With Vendetta I carried around a small toy she loves the little tiny pup toys and when she had soemthing I didnt want her to have or I wanted her to give to me I would " Let me have it" and toss the small toy for her. She dropped what she had and went for the new toy and I would keep doing that with her. She learned it so well that we cant play tug-o-war. I tug on the toy and say " give me" and she drops its and walks away


----------



## LibertyME (Jan 6, 2007)

Work on trading all kinds of things...focus on the the items that you can turn right around and give back to her....
You are aiming to have her strongly associate trade with food AND getting items back...if youve done 98 trades and she has gotten the item back...the 2 times when you didn't will be virtually unnoticed...


----------



## BriGuy (Aug 31, 2010)

In addition to the other great advice, I wanted to point you to a video that Kwit posted in another thread that demonstrated a different method to train Drop It. I thought it was very interesting:


----------



## Ranger (Nov 11, 2009)

My emergency method of teaching "drop it" involved a dead seagull, a big piece of wood, and a dog who only knew "give"; which meant my hand had to touch the object before he could release it. 

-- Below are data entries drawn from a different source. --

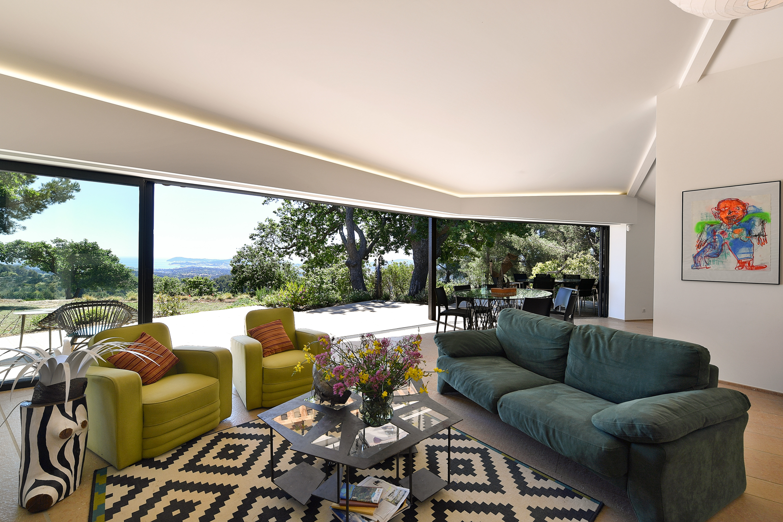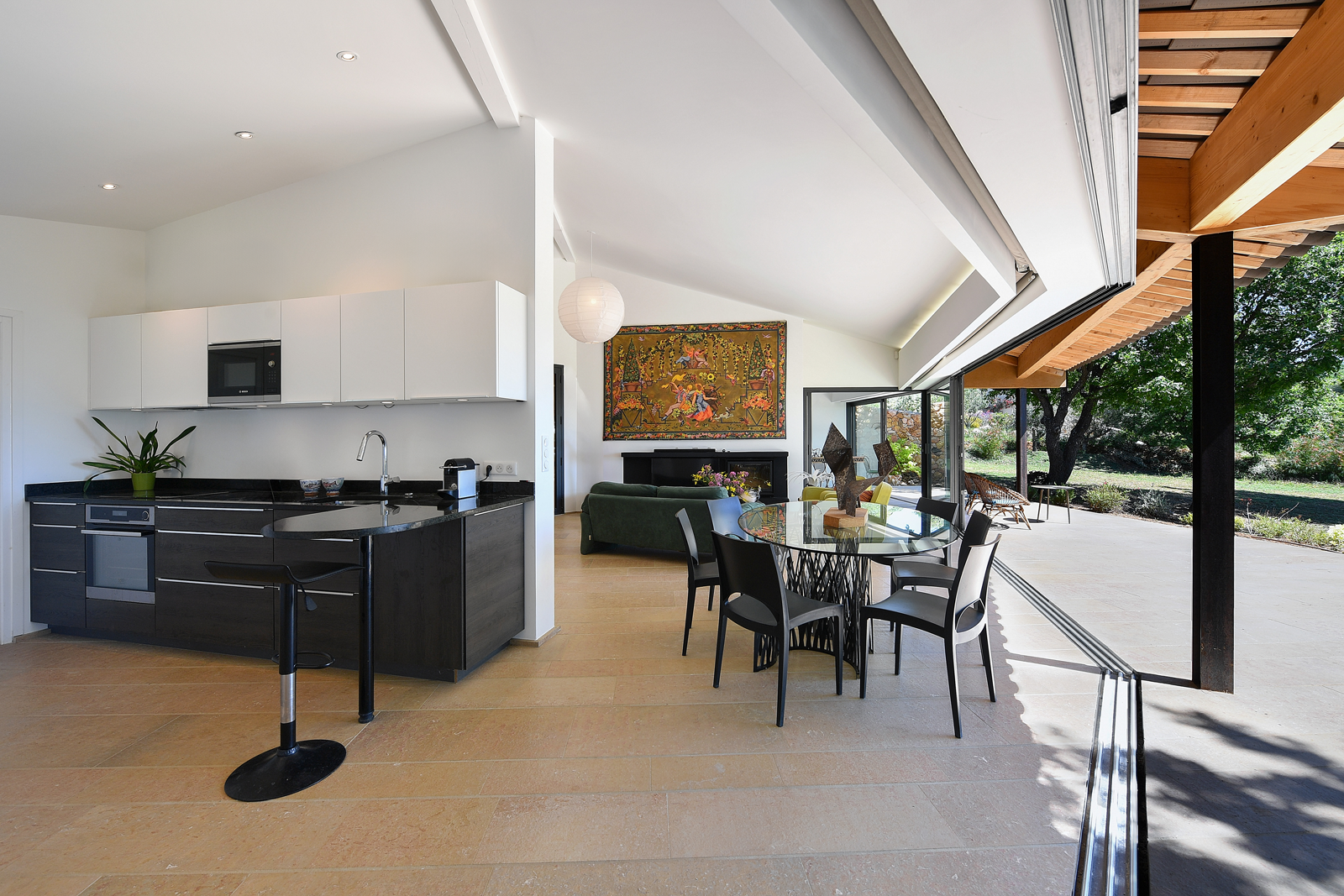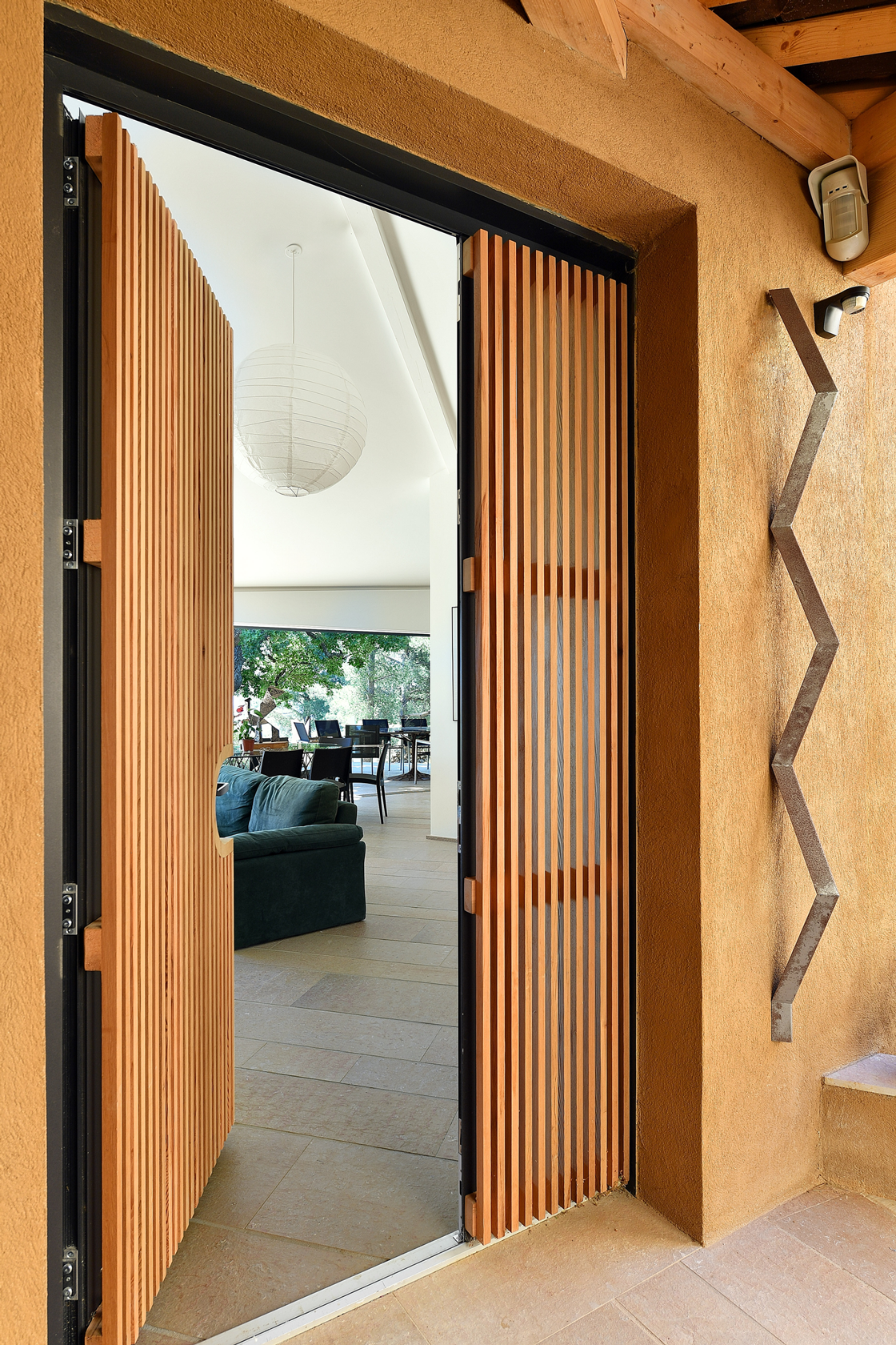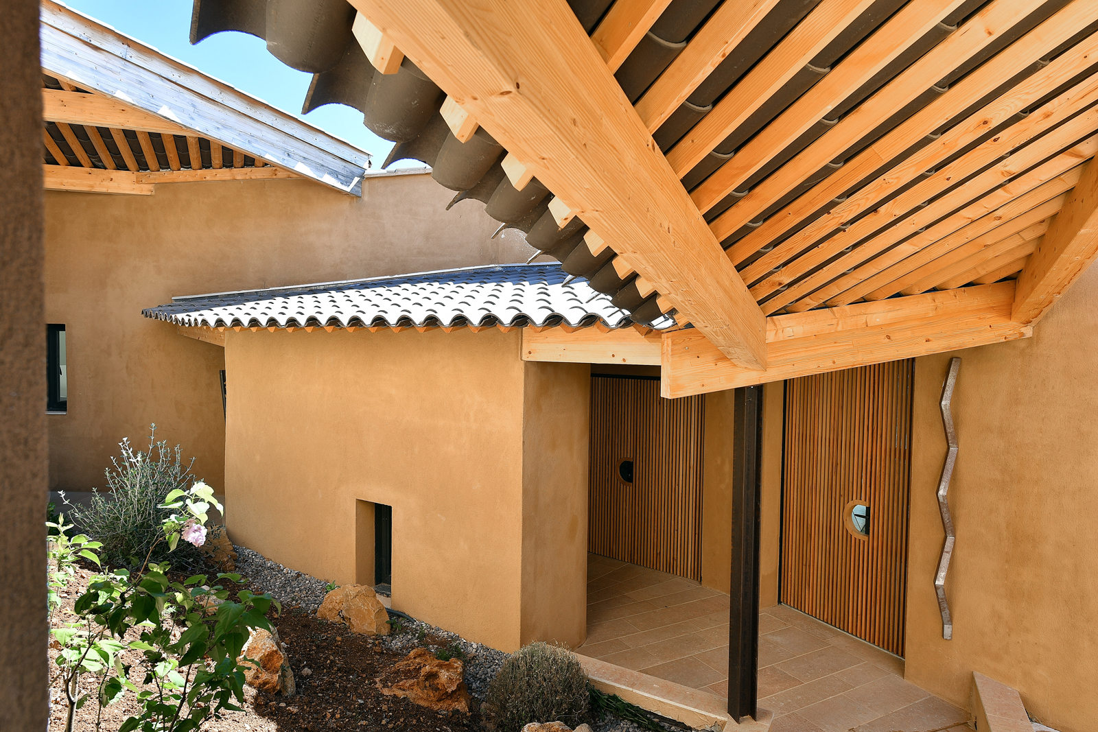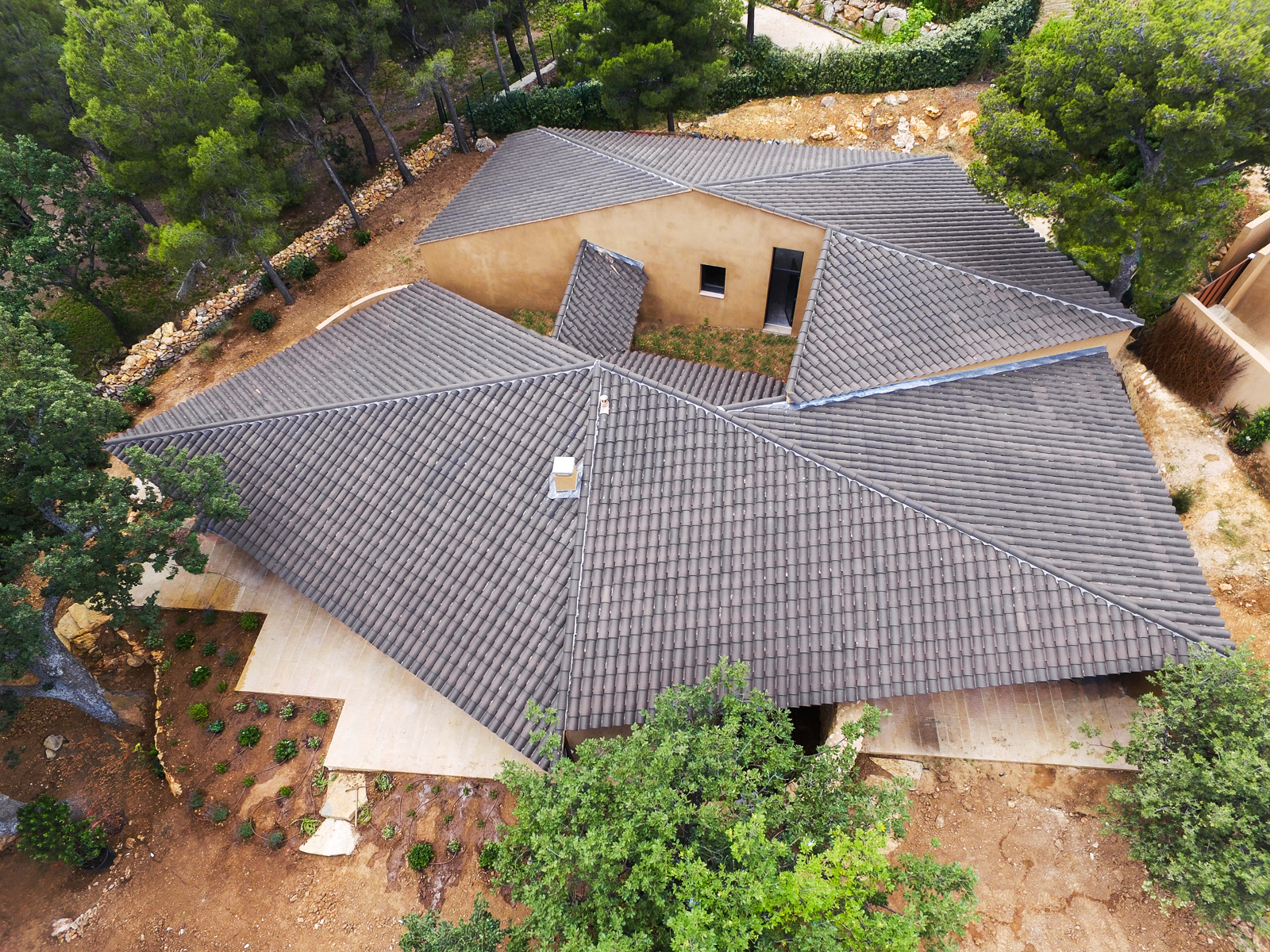 Cette construction s'organise autour de jardins. Un chemin extérieur en pierre de Cénia dessert un premier espace, avec chambre et salle de bain. La descente se poursuit jusqu’à la porte d’entrée principale. Il faut suivre le cheminement pour découvrir l’espace de vie qui s’ouvre totalement sur l’extérieur. Aucune limite entre le salon, la terrasse et l’espace jardin. Face à la porte d’entrée, il faut emprunter un petit escalier pour accéder à un autre espace indépendant avec chambre, salle de bain et terrasse qui donne sur un jardin.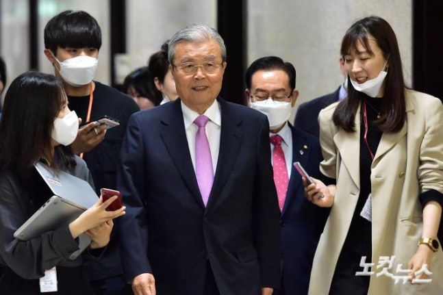 미래통합당 김종인 비상대책위원장이 4일 오전 국회에서 열린 당 비상대책위원회의에 참석하고 있다.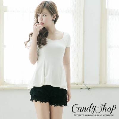 CANDY小舖 五角方領傘狀素面棉質短袖上衣(白色)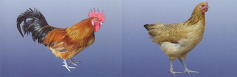 体型矮小,多数公母鸡主翼羽、主尾羽、胫、喙都是黑色,副翼羽为黑黄色,单冠,虹彩棕黄色,肉垂和耳垂为红色。公鸡羽色以金黄色、棕红色、黄黑色较多,母鸡以麻黑色、黑白花、土黄色较多 |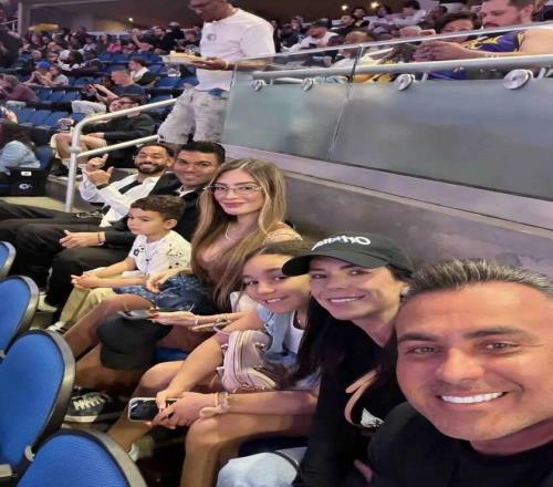 卡塞米羅和庫尼亞及其各自家人一同觀看NBA比賽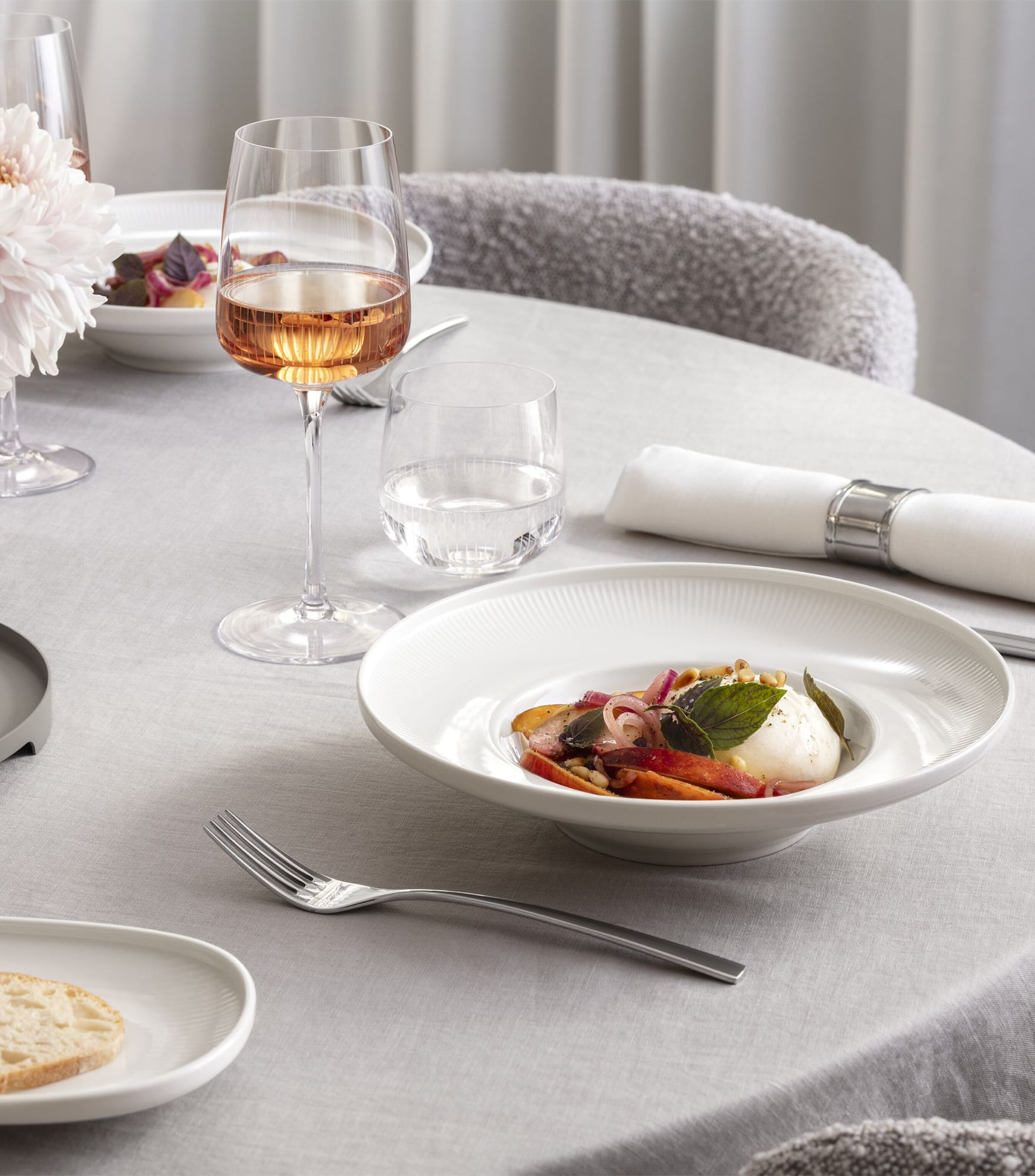 Villeroy & Boch’s glassware collections are often born out of artistic observation, and the Afina series is no different. Inspired by the pursuit of uniqueness and sanctuary, the designer combines minimalist shapes with delicate, handcrafted details to create the Afina water glasses, whose silhouettes mimic concentric rays of sunshine via etched detailing around the base.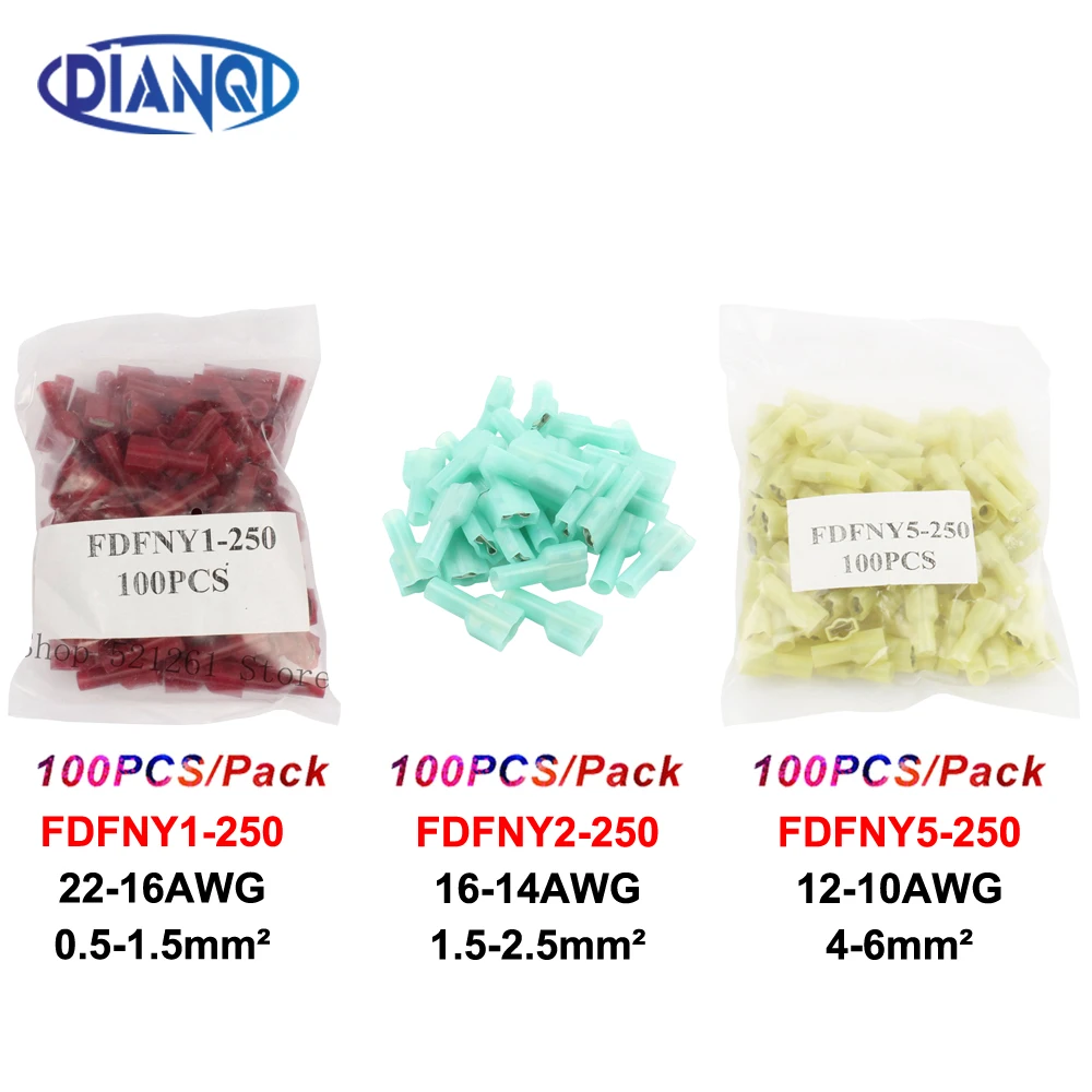 FDFNY1.25-250 FDFNY1-250 NYLON brass Female Insulated Spade joint Cable Wire Connector 100PCS 0.5-1.5mm2 22-16AWG FDFNY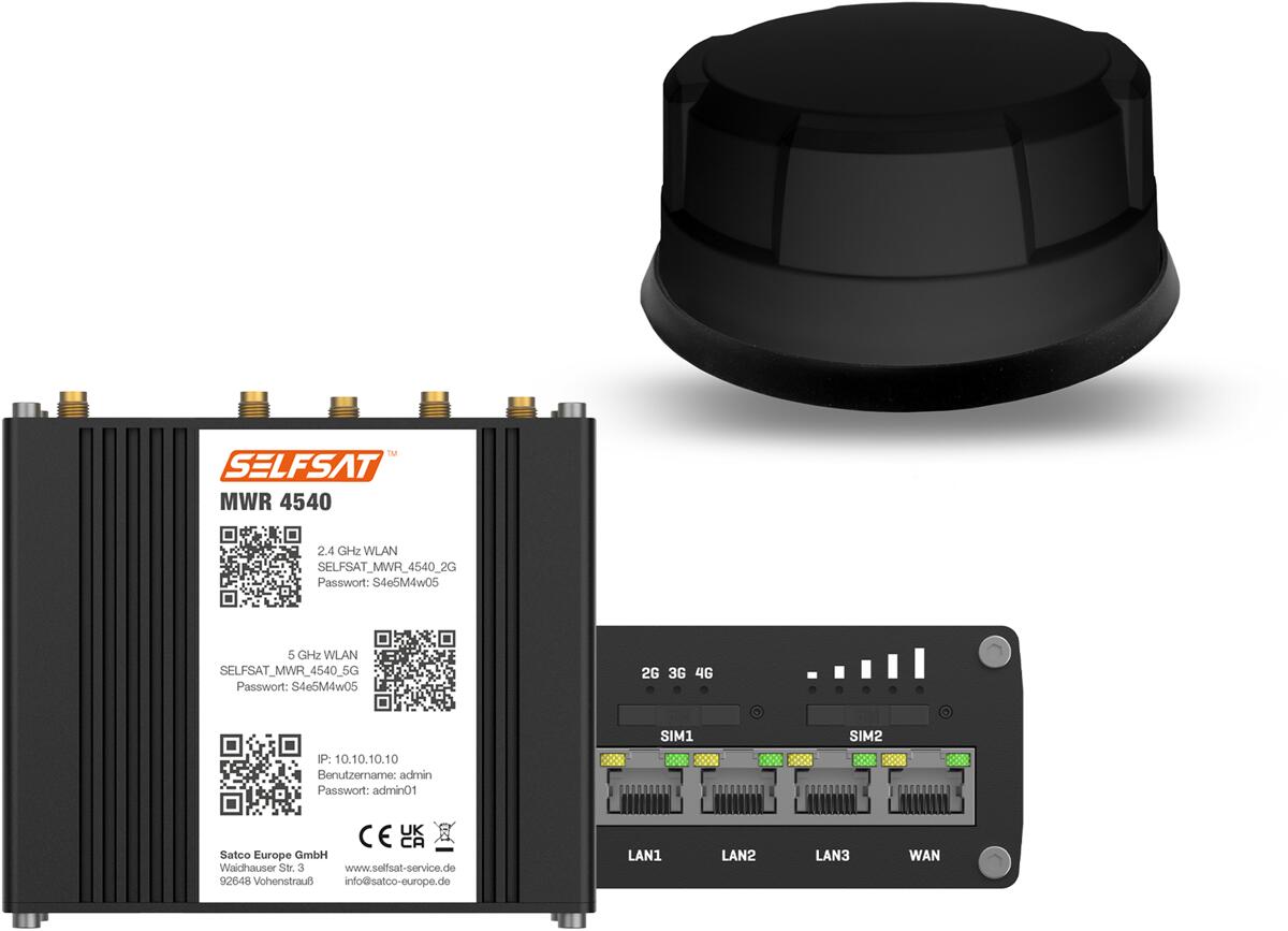 SELFSAT MWR 4540 4G Cat 6 WLAN Router, bis 300 Mbps, inkl. Panorama 5G Antenne, schwarz

I highly recommend training drop it before you run into that same scenario where the dog has something gross that you want out of his mouth but he thinks he can only give it up if your hand is touching it.


----------



## Coopers Daddy (Sep 29, 2009)

Muddypaws said:


> You have to stop chasing her, it ceates a whole range of trouble. I know I learned tehhard way with Darby.:doh:
> 
> Clicker training is great, you don't need to always have treats in your pocket, just available. The idea is to click the moment you get teh behavior you want and the "click" sounds means a treat "is coming". They learn very fast the click means a treat and to get a click you have to do something to earn it. Believe me they learn fast. I have treats (charlie bears) in bowls around the house so I can either click or use a reward marker word (yes). There websites, books and videos on YouTube to teach clicker training. Good luck



Clicker training works wonders. The way i trained "drop" was give him his favorite thing in the world (his tennis balls). When i wanted him to drop something i would pretty much put a training treat infront of his nose. The instant he let go of the ball I would click and reward. And sometimes break into a game of fetch. Its a process, made harder when your dog really values what they have already.


----------



## jackbower6864 (Jul 5, 2014)

*Get you dog to "drop it"*

This is a quick simple exercise to teach you dog to "drop it" https://www.youtube.com/watch?v=9Y4VBTm4v3U


----------



## Kristen&Gunner (Dec 27, 2014)

I've been teaching take-it and drop-it using this game I found on Youtube with my 9 week old pup. It is working pretty well so far. https://www.youtube.com/watch?v=JO2cxHgIzX0


----------